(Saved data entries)
= Beginning of Section =

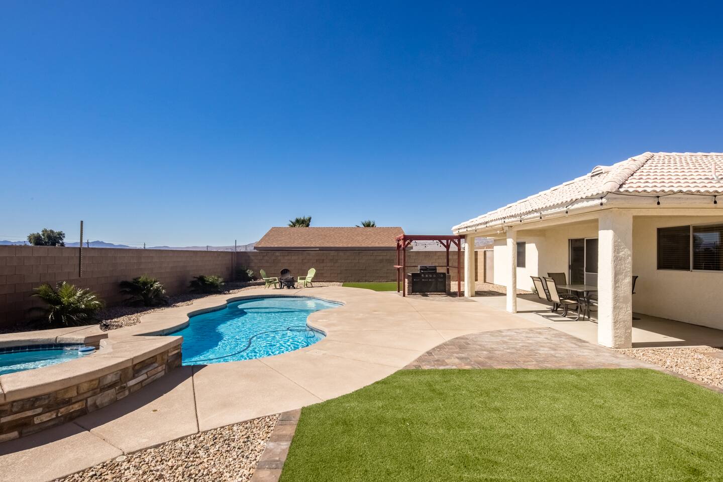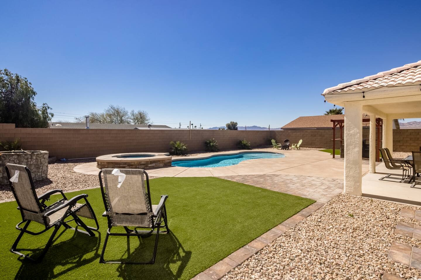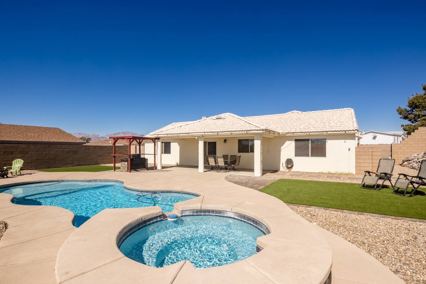 Check in, relax and unwind at "The Tropics in Bullhead"! Our three-bedroom, two bath home sits on an over 10,000 square foot lot with an in-ground pool with Baja shelf as well as a jacuzzi for those nights after a day on the river or lake. Inside you'll find all the comforts of home with comfy beds, full kitchen and TV's in almost every bedroom. We love to unwind here whenever we can and hope you and your family make treasured memories as well!
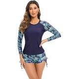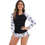❤ ❤ Womens Rash Guard Swimsuit 2 Piece Long Sleeve Sun Protection Bikini Swimwear Crop Swim Tops with Shorts Bathing Suit❤ ❤
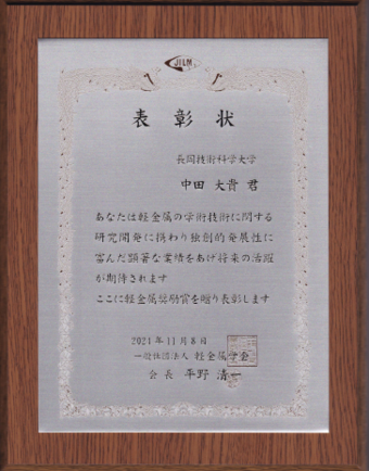 本賞は、軽金属の学術または工業に関する独創性、発展性に富む業績をあげ、将来軽金属学会における活躍が期待される新進気鋭の研究者、技術者に贈られるものです。
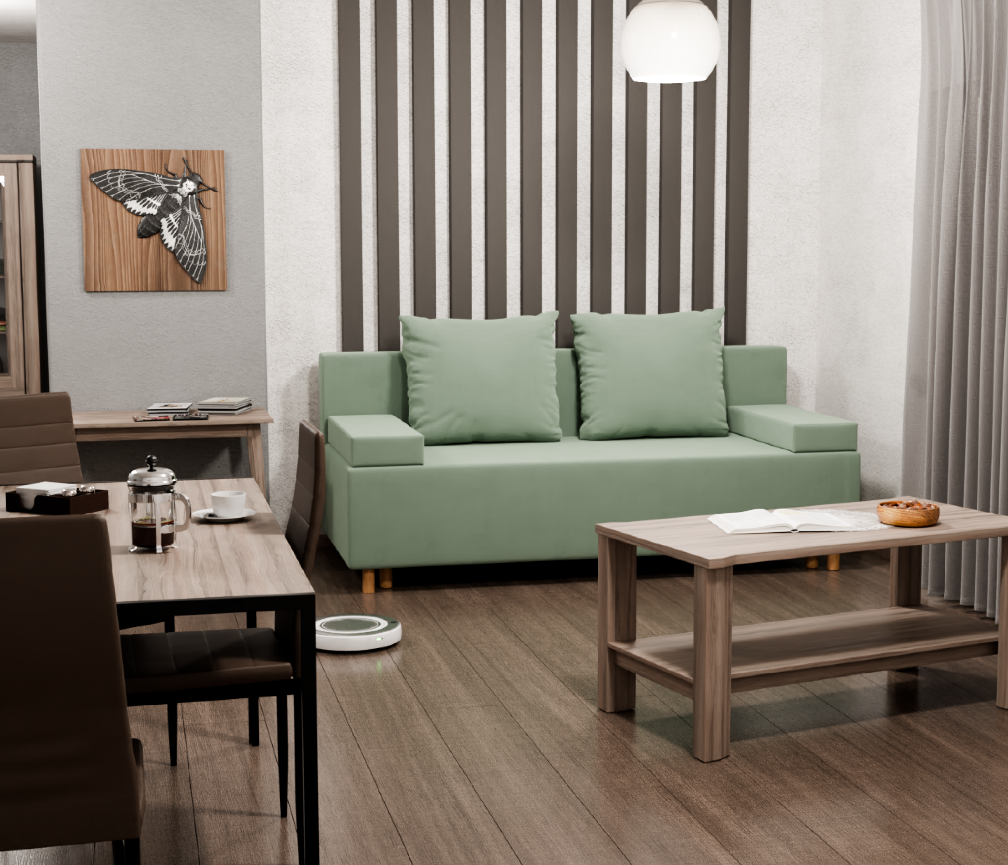 Диван-кровать имеет универсальный угол, что позволяет установить его в любой комнате, даже если она небольшая. Обивка выполнена из высококачественного велюра, который не только выглядит стильно, но и легко чистится.
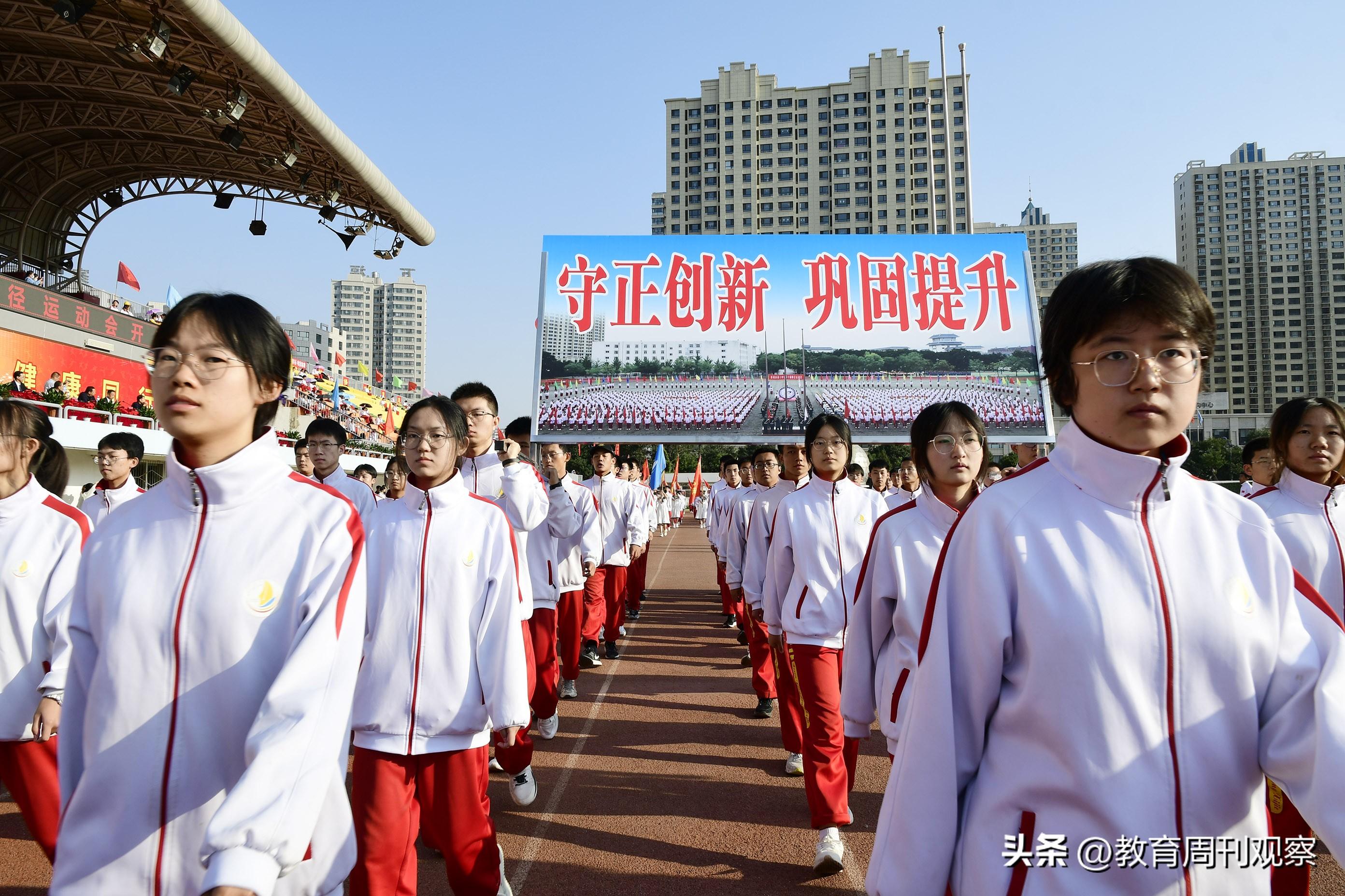 高一、高二、高三年级共2000余名同学先后表演了团体操《律动青春》《筑梦五环》和《启航圆梦》。

= End of Section =

* **Activity**
Copy the final stretch of lines, starting at the one that holds "本賞は、軽金属の学術または工" and ending at the last line of the data, exactly; omit pictures.

* **Answer to the problem**
 本賞は、軽金属の学術または工業に関する独創性、発展性に富む業績をあげ、将来軽金属学会における活躍が期待される新進気鋭の研究者、技術者に贈られるものです。
 Диван-кровать имеет универсальный угол, что позволяет установить его в любой комнате, даже если она небольшая. Обивка выполнена из высококачественного велюра, который не только выглядит стильно, но и легко чистится.
 高一、高二、高三年级共2000余名同学先后表演了团体操《律动青春》《筑梦五环》和《启航圆梦》。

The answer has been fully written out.